───── Data excerpts

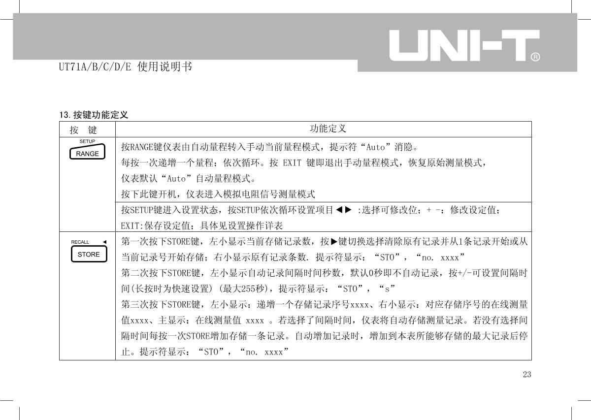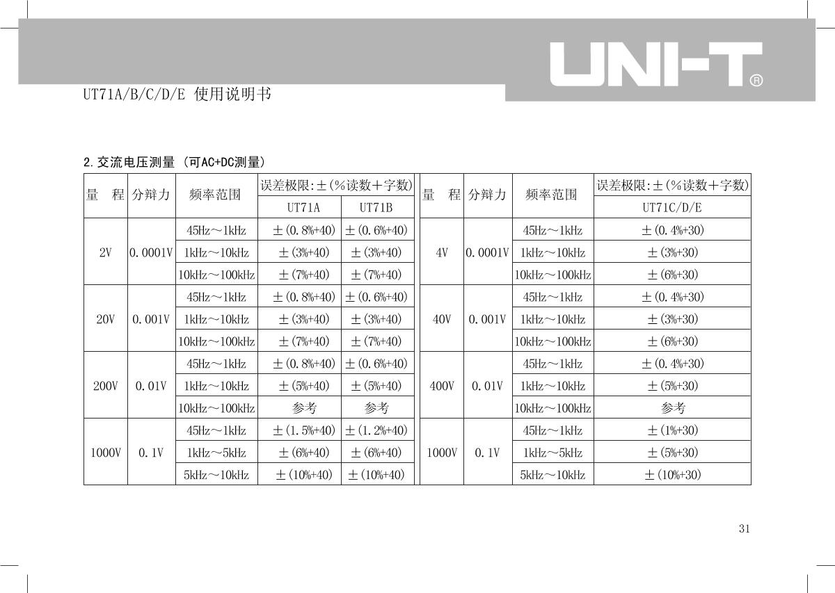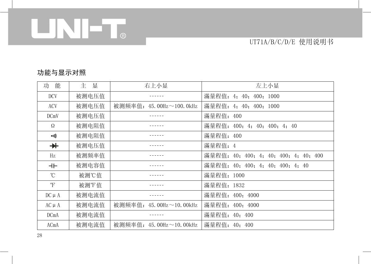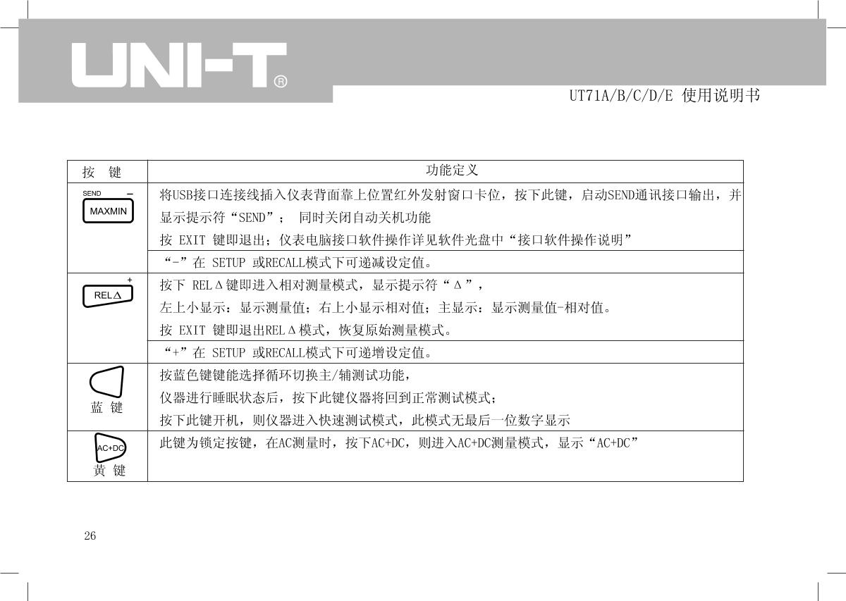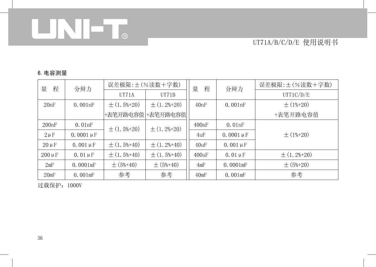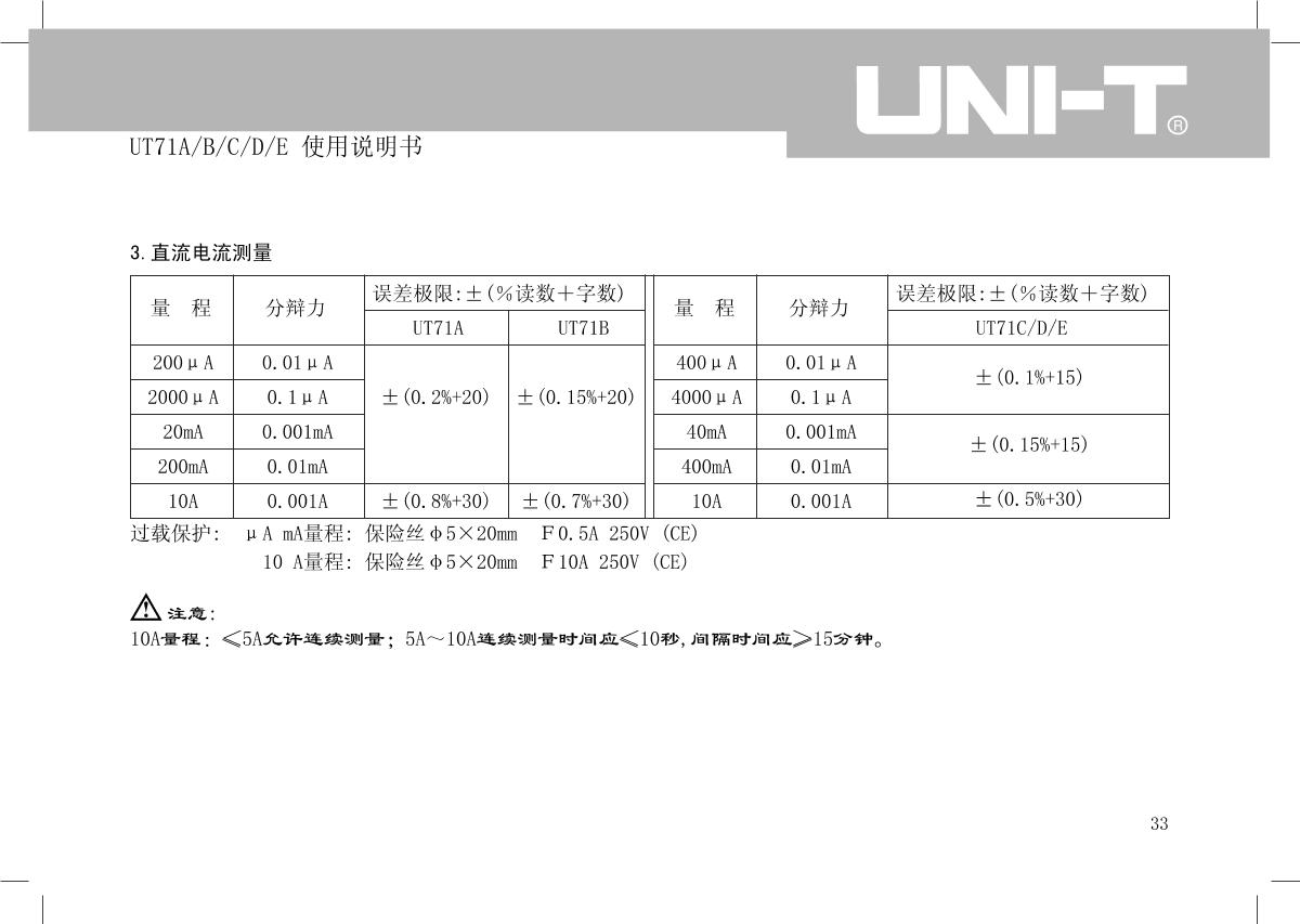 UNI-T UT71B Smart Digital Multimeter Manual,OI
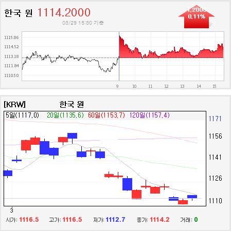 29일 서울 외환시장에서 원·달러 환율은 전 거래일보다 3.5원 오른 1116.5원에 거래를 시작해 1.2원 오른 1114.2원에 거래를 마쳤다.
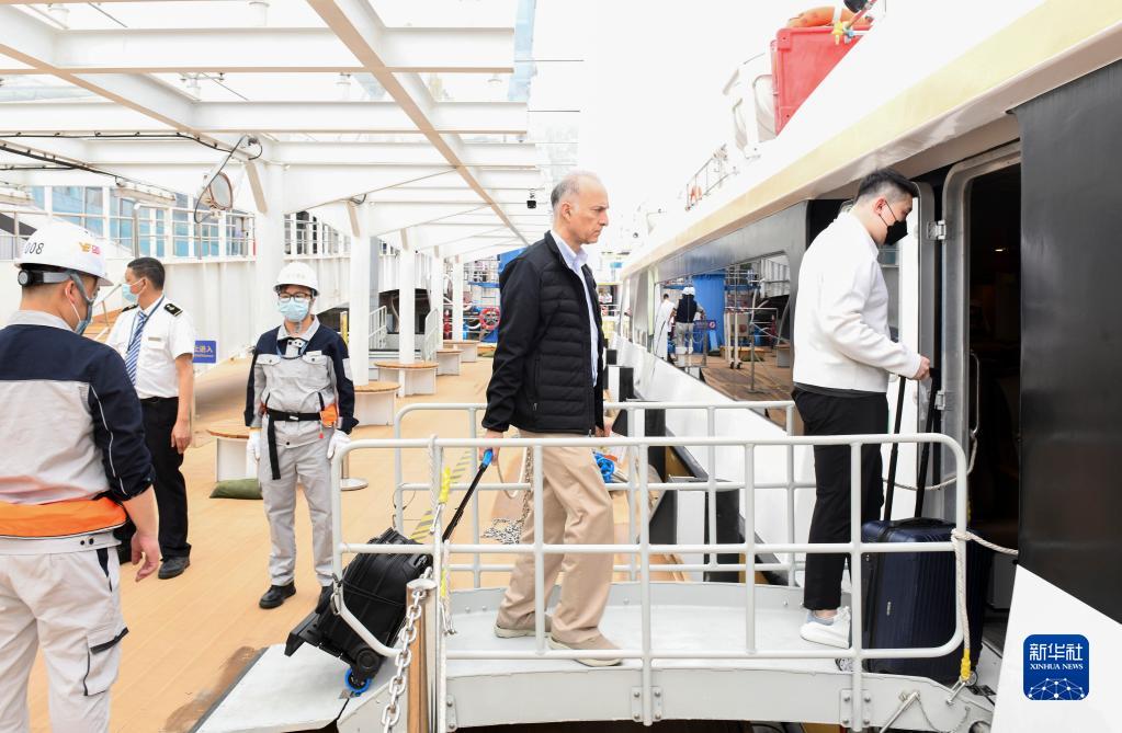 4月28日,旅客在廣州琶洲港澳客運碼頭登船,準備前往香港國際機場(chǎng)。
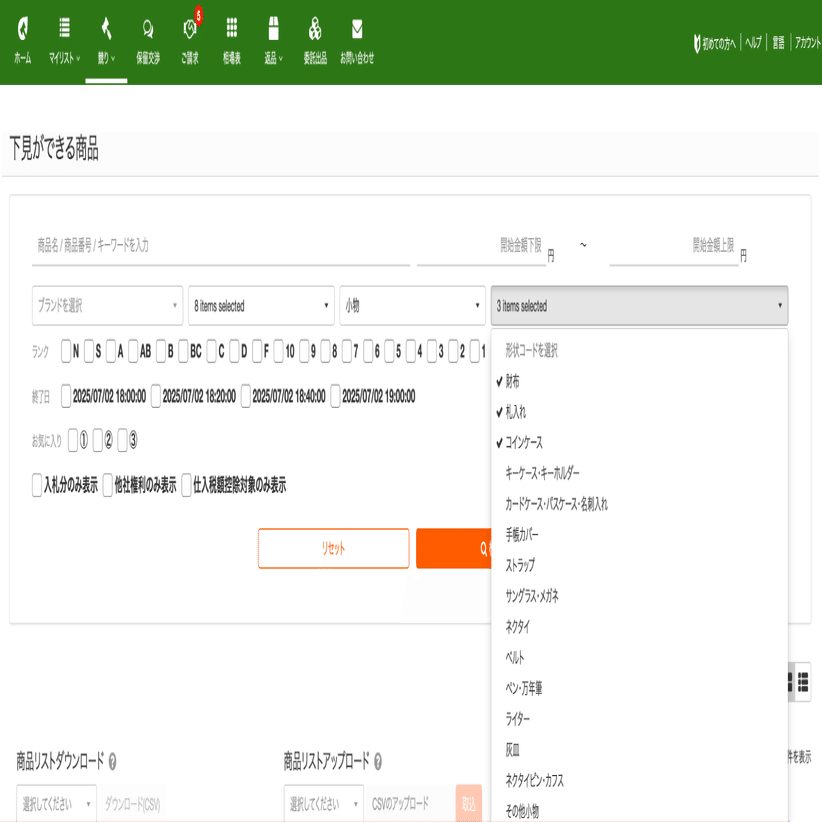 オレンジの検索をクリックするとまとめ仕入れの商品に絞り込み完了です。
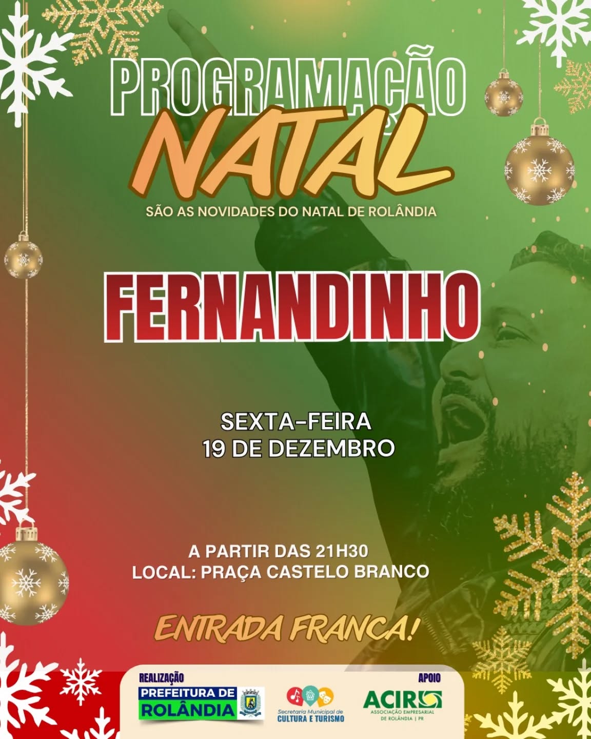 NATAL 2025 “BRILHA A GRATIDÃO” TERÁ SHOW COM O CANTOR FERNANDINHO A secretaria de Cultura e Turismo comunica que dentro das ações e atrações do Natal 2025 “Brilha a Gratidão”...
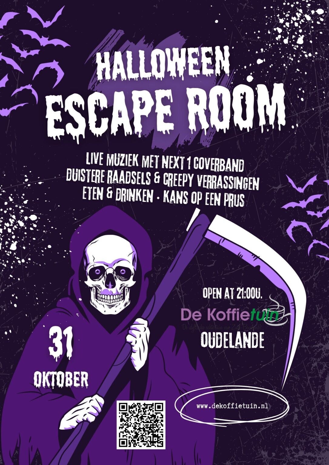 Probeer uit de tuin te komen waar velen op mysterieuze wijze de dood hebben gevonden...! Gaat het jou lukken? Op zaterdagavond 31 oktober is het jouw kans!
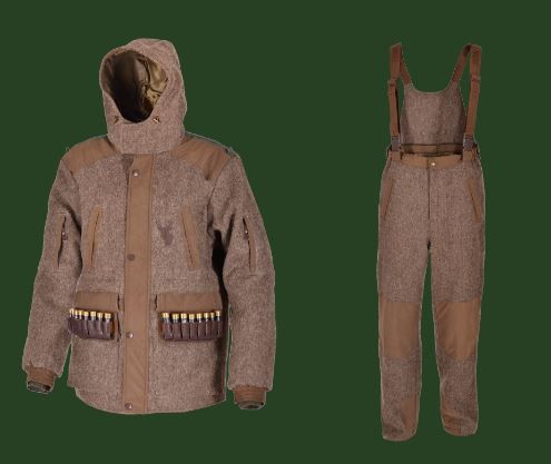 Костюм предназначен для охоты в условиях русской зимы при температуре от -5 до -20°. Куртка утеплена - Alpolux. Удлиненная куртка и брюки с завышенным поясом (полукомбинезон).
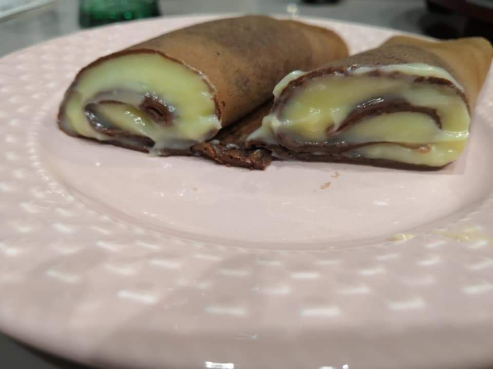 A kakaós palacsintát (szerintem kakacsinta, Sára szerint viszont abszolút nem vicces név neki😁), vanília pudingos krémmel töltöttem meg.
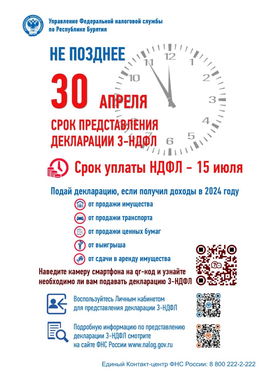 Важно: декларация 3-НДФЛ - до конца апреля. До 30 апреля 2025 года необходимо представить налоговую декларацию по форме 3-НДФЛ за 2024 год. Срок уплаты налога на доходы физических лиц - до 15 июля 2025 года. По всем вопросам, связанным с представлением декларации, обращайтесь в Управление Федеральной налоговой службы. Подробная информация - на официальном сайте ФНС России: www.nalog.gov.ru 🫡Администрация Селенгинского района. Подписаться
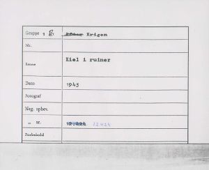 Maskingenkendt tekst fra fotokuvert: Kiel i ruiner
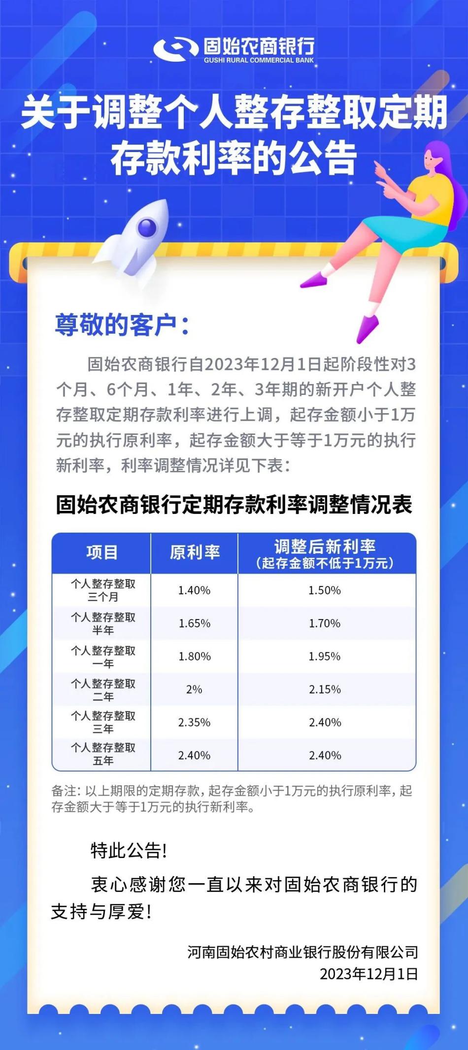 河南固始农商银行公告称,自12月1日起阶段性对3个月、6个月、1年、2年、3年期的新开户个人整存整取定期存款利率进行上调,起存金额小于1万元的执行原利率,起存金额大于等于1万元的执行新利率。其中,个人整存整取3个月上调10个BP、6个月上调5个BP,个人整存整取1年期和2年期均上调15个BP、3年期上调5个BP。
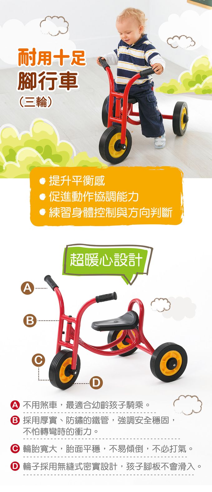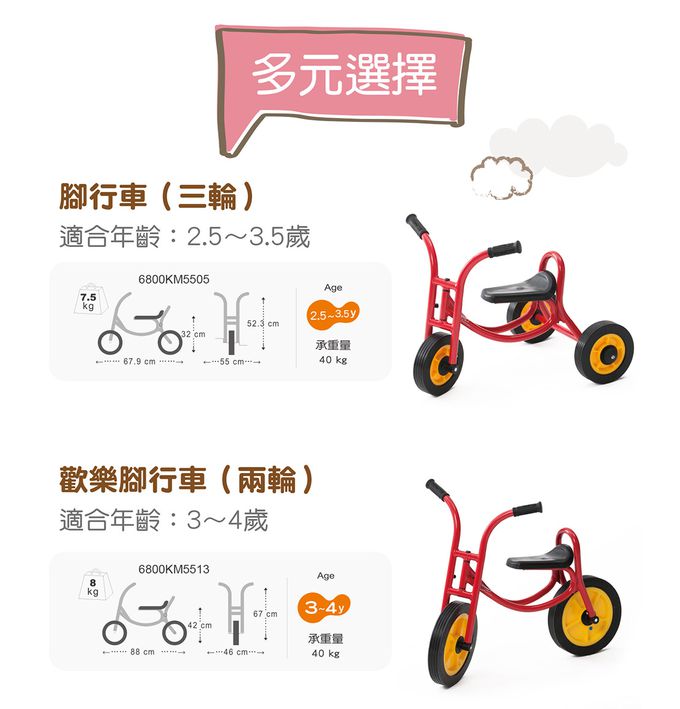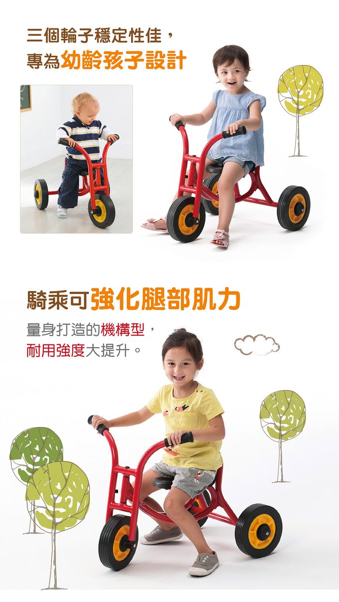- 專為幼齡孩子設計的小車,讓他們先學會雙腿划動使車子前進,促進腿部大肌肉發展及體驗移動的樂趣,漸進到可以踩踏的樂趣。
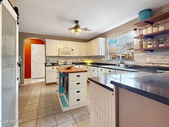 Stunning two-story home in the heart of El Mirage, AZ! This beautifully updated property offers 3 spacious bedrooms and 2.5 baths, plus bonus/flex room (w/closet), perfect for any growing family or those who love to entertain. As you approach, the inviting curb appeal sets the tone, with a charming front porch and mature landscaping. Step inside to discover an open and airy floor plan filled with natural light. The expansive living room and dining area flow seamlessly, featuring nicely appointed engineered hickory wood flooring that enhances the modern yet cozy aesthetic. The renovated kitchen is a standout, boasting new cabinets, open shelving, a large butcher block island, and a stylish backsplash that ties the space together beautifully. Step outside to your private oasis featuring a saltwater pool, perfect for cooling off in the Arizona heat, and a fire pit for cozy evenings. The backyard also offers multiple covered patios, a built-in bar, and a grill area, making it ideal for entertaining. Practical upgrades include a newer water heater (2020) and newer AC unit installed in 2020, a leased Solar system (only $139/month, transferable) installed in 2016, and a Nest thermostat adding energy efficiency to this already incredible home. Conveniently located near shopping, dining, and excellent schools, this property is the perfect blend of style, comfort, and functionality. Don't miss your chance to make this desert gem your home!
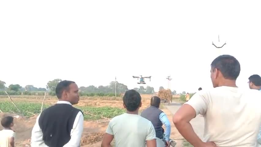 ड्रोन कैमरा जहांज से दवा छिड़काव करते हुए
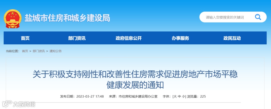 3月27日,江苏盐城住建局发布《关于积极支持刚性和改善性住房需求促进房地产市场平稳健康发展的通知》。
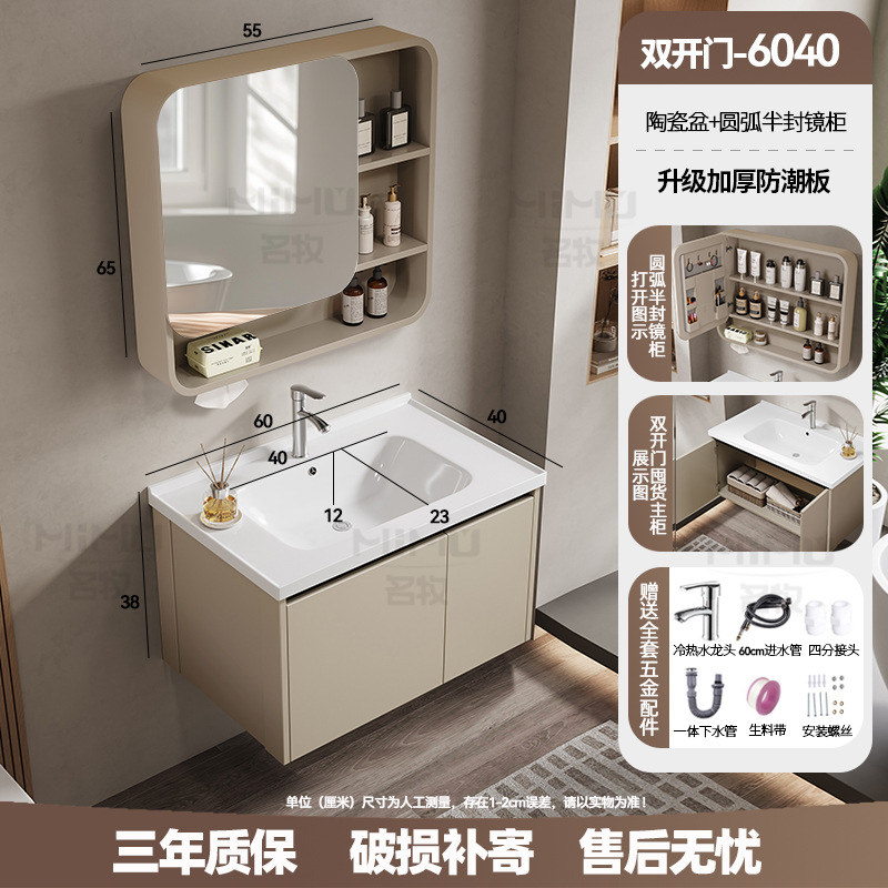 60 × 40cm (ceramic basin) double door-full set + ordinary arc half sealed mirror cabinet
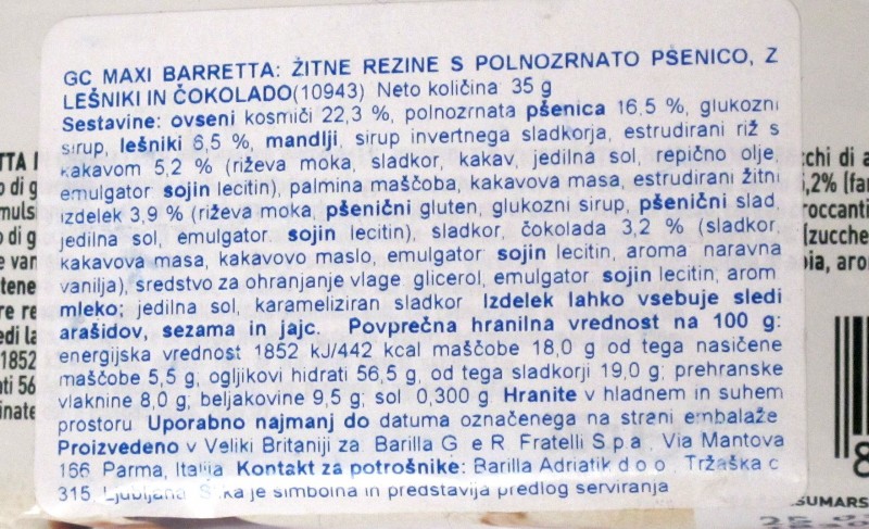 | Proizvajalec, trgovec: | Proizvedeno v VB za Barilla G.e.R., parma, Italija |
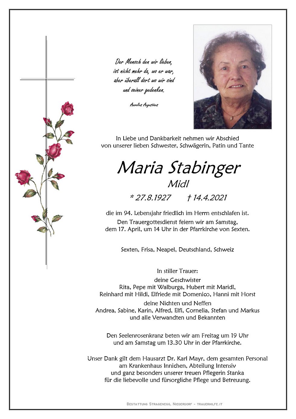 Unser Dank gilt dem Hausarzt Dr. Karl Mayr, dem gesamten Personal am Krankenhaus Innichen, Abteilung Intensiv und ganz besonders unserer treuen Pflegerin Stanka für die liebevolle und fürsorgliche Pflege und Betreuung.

──────────

**About this exercise**
Above are some records; quote exactly and only the lines that begin at the line containing "4月28日,旅客在廣州琶洲港" and stop after the line containing "Maskingenkendt tekst fra", leaving out the pictures.

**Solution below**
 4月28日,旅客在廣州琶洲港澳客運碼頭登船,準備前往香港國際機場(chǎng)。
 オレンジの検索をクリックするとまとめ仕入れの商品に絞り込み完了です。
 NATAL 2025 “BRILHA A GRATIDÃO” TERÁ SHOW COM O CANTOR FERNANDINHO A secretaria de Cultura e Turismo comunica que dentro das ações e atrações do Natal 2025 “Brilha a Gratidão”...
 Probeer uit de tuin te komen waar velen op mysterieuze wijze de dood hebben gevonden...! Gaat het jou lukken? Op zaterdagavond 31 oktober is het jouw kans!
 Костюм предназначен для охоты в условиях русской зимы при температуре от -5 до -20°. Куртка утеплена - Alpolux. Удлиненная куртка и брюки с завышенным поясом (полукомбинезон).
 A kakaós palacsintát (szerintem kakacsinta, Sára szerint viszont abszolút nem vicces név neki😁), vanília pudingos krémmel töltöttem meg.
 Важно: декларация 3-НДФЛ - до конца апреля. До 30 апреля 2025 года необходимо представить налоговую декларацию по форме 3-НДФЛ за 2024 год. Срок уплаты налога на доходы физических лиц - до 15 июля 2025 года. По всем вопросам, связанным с представлением декларации, обращайтесь в Управление Федеральной налоговой службы. Подробная информация - на официальном сайте ФНС России: www.nalog.gov.ru 🫡Администрация Селенгинского района. Подписаться
 Maskingenkendt tekst fra fotokuvert: Kiel i ruiner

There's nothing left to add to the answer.